Pinheiro takes charge of his fifteenth Champions League match
João Pinheiro of Portugal has been appointed for the second leg, his fifteenth Champions League fixture. The thirty-eight-year-old averages 3.71 yellow cards and 0.14 penalties per match across his career, the kind of profile that lets a high-tempo game breathe rather than dictating it. He has officiated Bayern twice, both Bayern wins, against Slovan Bratislava in last season's league phase and PSV in this one. His one previous PSG match was the 2025 UEFA Super Cup defeat of Tottenham, and he was fourth official at last season's Champions League final.
Referee Stats: João Pinheiro
| Stat | Value |
|---|---|
| Career Champions League Matches | 14 (15th tonight) |
| Career Yellow Cards/Match | 3.71 |
| Career Penalties/Match | 0.14 |
| Career Red Cards/Match | 0.07 |
| FIFA Listed Since | 2016 |
Both previous Bayern assignments ended in Bayern wins (Slovan Bratislava, PSV). One previous PSG match: 2025 UEFA Super Cup defeat of Tottenham. 4th official at the 2025 UCL Final. VAR: Marco Di Bello (Italy).
Why this is closer than the scoreline suggests
The aggregate scoreline says PSG are eighty more minutes from the final. The match they will play to defend it suggests something narrower. Bayern arrive in Munich with their fittest, freshest starting eleven, with their entire first-team squad available bar Gnabry, and with a manager who has spent every public minute since the first leg telling anyone listening that his team will get to where they need to be. Tuesday's press conference was an hour of low-temperature confidence: we want to beat PSG, we want to reach the final, the way we play is the way we play.

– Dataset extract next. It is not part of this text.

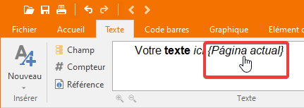 Dans les éléments de type Texte et Elément de Page, vous pouvez concaténer le texte avec une ou plusieurs références:
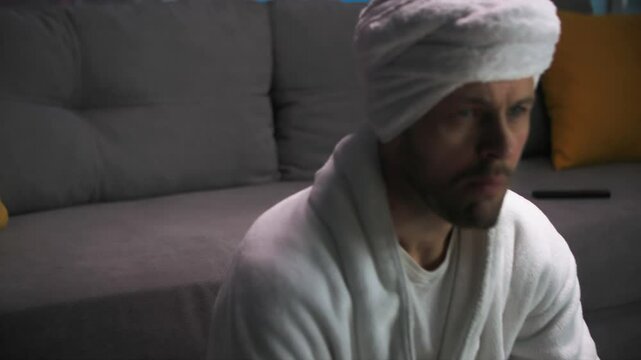 Huge amotional reaction of a man in a white coat with a bowl of popcorn while watching TV. Close-up shot

There was nothing in his manner that suggested he thought the tie was already lost.
PSG arrive without their best defender, with a midfield rotated through a forgettable Saturday, and with a tactical question mark over a flank that has not been weak all season. The first leg taught them that pure transition can hurt this Bayern. The second leg asks whether the controlled mid-block defensive shape they keep showing in flashes is something they can hold for ninety minutes. Bayern have spent the week behaving like a team that doesn't think they can lose.